Starting at the line with "Poza konkursem każda" and ending at the line with "المواصفات: الوزن: 240", print exactly the lines of the entries below. Pictures do not belong in the copy.
The records START
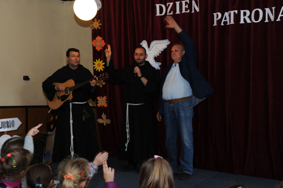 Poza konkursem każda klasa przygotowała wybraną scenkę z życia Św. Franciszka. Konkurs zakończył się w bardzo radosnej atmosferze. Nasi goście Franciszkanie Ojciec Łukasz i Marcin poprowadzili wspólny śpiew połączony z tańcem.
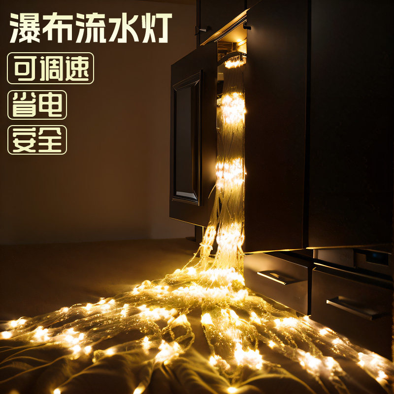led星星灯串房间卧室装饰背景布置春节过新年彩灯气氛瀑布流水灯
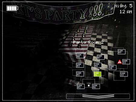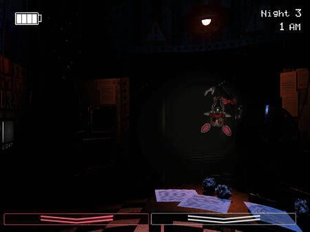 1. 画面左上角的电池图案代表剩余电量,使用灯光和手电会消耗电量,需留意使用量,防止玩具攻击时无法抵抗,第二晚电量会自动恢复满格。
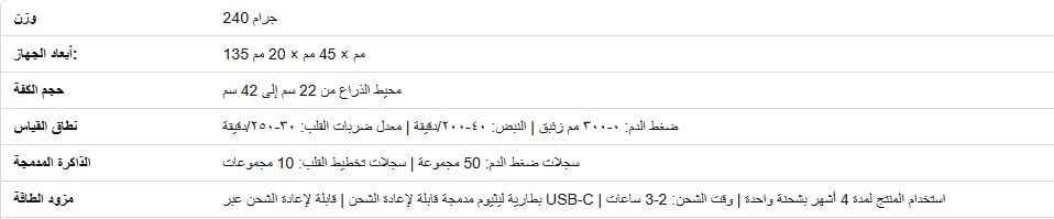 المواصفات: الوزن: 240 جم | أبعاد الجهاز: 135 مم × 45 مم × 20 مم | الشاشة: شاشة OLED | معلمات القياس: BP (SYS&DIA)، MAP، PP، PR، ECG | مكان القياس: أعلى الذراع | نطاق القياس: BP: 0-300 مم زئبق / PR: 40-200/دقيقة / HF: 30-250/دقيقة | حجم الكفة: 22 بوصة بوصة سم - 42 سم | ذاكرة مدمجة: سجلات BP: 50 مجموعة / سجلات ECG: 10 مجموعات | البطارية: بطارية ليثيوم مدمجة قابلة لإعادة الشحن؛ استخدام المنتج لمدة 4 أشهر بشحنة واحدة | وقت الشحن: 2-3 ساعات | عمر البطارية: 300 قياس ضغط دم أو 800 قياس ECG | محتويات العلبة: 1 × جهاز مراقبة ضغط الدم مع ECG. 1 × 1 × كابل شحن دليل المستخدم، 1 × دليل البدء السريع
The records END
The records START
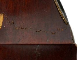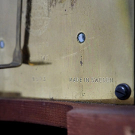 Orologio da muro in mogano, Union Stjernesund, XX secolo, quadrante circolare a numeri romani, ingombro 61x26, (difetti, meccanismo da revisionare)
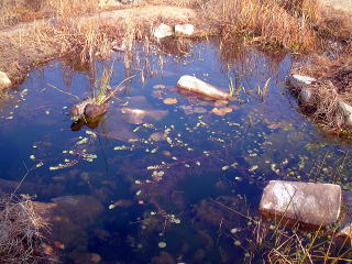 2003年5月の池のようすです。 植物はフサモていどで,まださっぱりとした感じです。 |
The records END
The records START
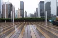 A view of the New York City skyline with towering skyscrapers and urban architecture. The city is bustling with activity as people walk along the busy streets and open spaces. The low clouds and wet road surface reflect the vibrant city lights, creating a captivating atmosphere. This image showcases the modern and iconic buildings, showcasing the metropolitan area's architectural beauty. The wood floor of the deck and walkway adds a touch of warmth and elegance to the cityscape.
The records END
• **Answer section**:
 Poza konkursem każda klasa przygotowała wybraną scenkę z życia Św. Franciszka. Konkurs zakończył się w bardzo radosnej atmosferze. Nasi goście Franciszkanie Ojciec Łukasz i Marcin poprowadzili wspólny śpiew połączony z tańcem.
led星星灯串房间卧室装饰背景布置春节过新年彩灯气氛瀑布流水灯
 1. 画面左上角的电池图案代表剩余电量,使用灯光和手电会消耗电量,需留意使用量,防止玩具攻击时无法抵抗,第二晚电量会自动恢复满格。
 المواصفات: الوزن: 240 جم | أبعاد الجهاز: 135 مم × 45 مم × 20 مم | الشاشة: شاشة OLED | معلمات القياس: BP (SYS&DIA)، MAP، PP، PR، ECG | مكان القياس: أعلى الذراع | نطاق القياس: BP: 0-300 مم زئبق / PR: 40-200/دقيقة / HF: 30-250/دقيقة | حجم الكفة: 22 بوصة بوصة سم - 42 سم | ذاكرة مدمجة: سجلات BP: 50 مجموعة / سجلات ECG: 10 مجموعات | البطارية: بطارية ليثيوم مدمجة قابلة لإعادة الشحن؛ استخدام المنتج لمدة 4 أشهر بشحنة واحدة | وقت الشحن: 2-3 ساعات | عمر البطارية: 300 قياس ضغط دم أو 800 قياس ECG | محتويات العلبة: 1 × جهاز مراقبة ضغط الدم مع ECG. 1 × 1 × كابل شحن دليل المستخدم، 1 × دليل البدء السريع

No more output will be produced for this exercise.